He picked up bad habits somewhere, I think.
So what’s Fenella up to these days anyway?
http://larvatusprodeo.net/2005/06/02/is-missy-higgins-lesbian/#comment-7426
Heh. I was frist on this thread.
Just sayin…
And it’s interesting to think that since this thread has been going for so long, elle and jen might be sitting on their computer in University history now wondering if Clare Bowditch is lesbian…
http://larvatusprodeo.net/2005/06/02/is-missy-higgins-lesbian/#comment-10255
Is Clare Bowditch any good though?
Yes! She is! I heard her in a lovely interview on the radio yesterday, preceded by a track from the album in question. Good lyrics, good music, good voice (though either the production could have been better or there’s something wrong with my car radio).
She’s also 7 months pregnant with twins, which might have put the ARIA in perspective.
at lipsniging? Or something else?
Indeed. There is of course no question but that they will have got into University History, and may even be through their introductory remedial reading course by now. Which they will also have “passed”, of course.
Not that I’ve got a barrow to push or anything. Ahem.
Ooooh, gettin’ very close to the 400 mark. I think Kim should do the honours.
at lipsniging?

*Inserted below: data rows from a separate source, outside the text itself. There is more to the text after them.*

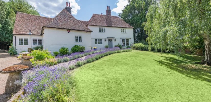 The property is approached through a five-bar gate to a gravel drive which passes an expanse of lawn planted with mature trees and continues to the house, annexe and garaging. The gardens and views to the ancient church provide a quintessentially English, backdrop and a beautiful environment for the house. A path flanked by lavender leads to the front door. Behind the house and adjacent to the kitchen a sheltered terrace, also planted with a mass of lavender, has a pretty outlook to the church tower.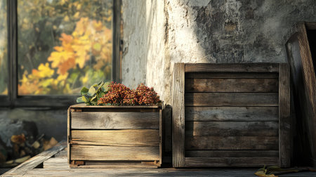 A rustic wooden chest adorned with dried plants and books, set in a cozy, vintage ambiance.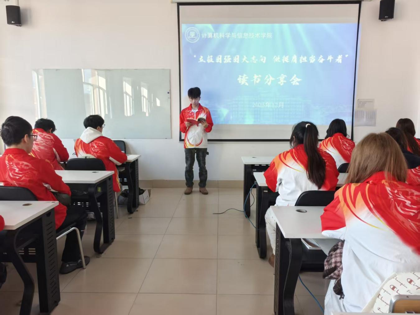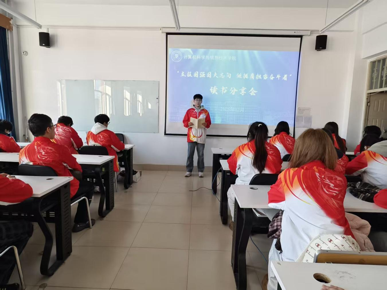 读书会上,各班围绕“立报国强国大志向 做挺膺担当奋斗者”主题分享交流。同学们品读经典,涵养家国情怀、立下报国大志,从书中体悟奋斗精神与初心力量;通过共读明晰方向、凝聚共识,将书中智慧转化为行动动力。让计科学子深刻理解“报国”“奋斗”的意义,坚定了以青春力量建设国家、以实际行动践行担当的信念。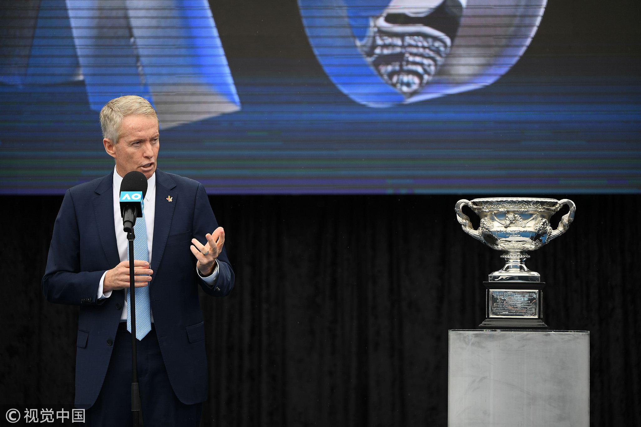 Craig Tiley talks to the media during the 2019 Australian Open Official Launch at Melbourne Park in Melbourne, Australia, October 9, 2018. /VCG Photo

Or something else?
The doom-thread is dead!
Where, on slow working mornings
Shall we comment-bludge?
Some fuel for this fire:
In a movie of Missy
Who would you all cast?*
*My pick: Rose Byrne.
399 comments, and without a single one by Jack Strocchi or Graham Bird in response to Fyodor and his sock puppets.
And I’d definitely want Adam Sandler to play Tim Rogers.
Haiku Hoges, but he’d have to bulk up for the role.
And we’d need a special lens to his keep feckin’ gargantuan head in normal proportion to his body.
Sensitive girl singers kill with their words not with guns.
Anna Winter, I’m shocked.
im not sure is missy higgins a lezo frickin hell
WTF? This party’s been going on for 10 months? Where’s the fucking absinthe?
Je me demandais ce qu’était tout le bruit. Vous êtes chanceux je n’avez pas appelé les cannettes de fil.
YOU guys are fucked up, she isnt gay, maybe she is but who gives a stuff. yeh she can sing fucking well. SHE IS THE BOMB i love her!! if u want to seee more go to myspace.com/ilovemissyhiggins.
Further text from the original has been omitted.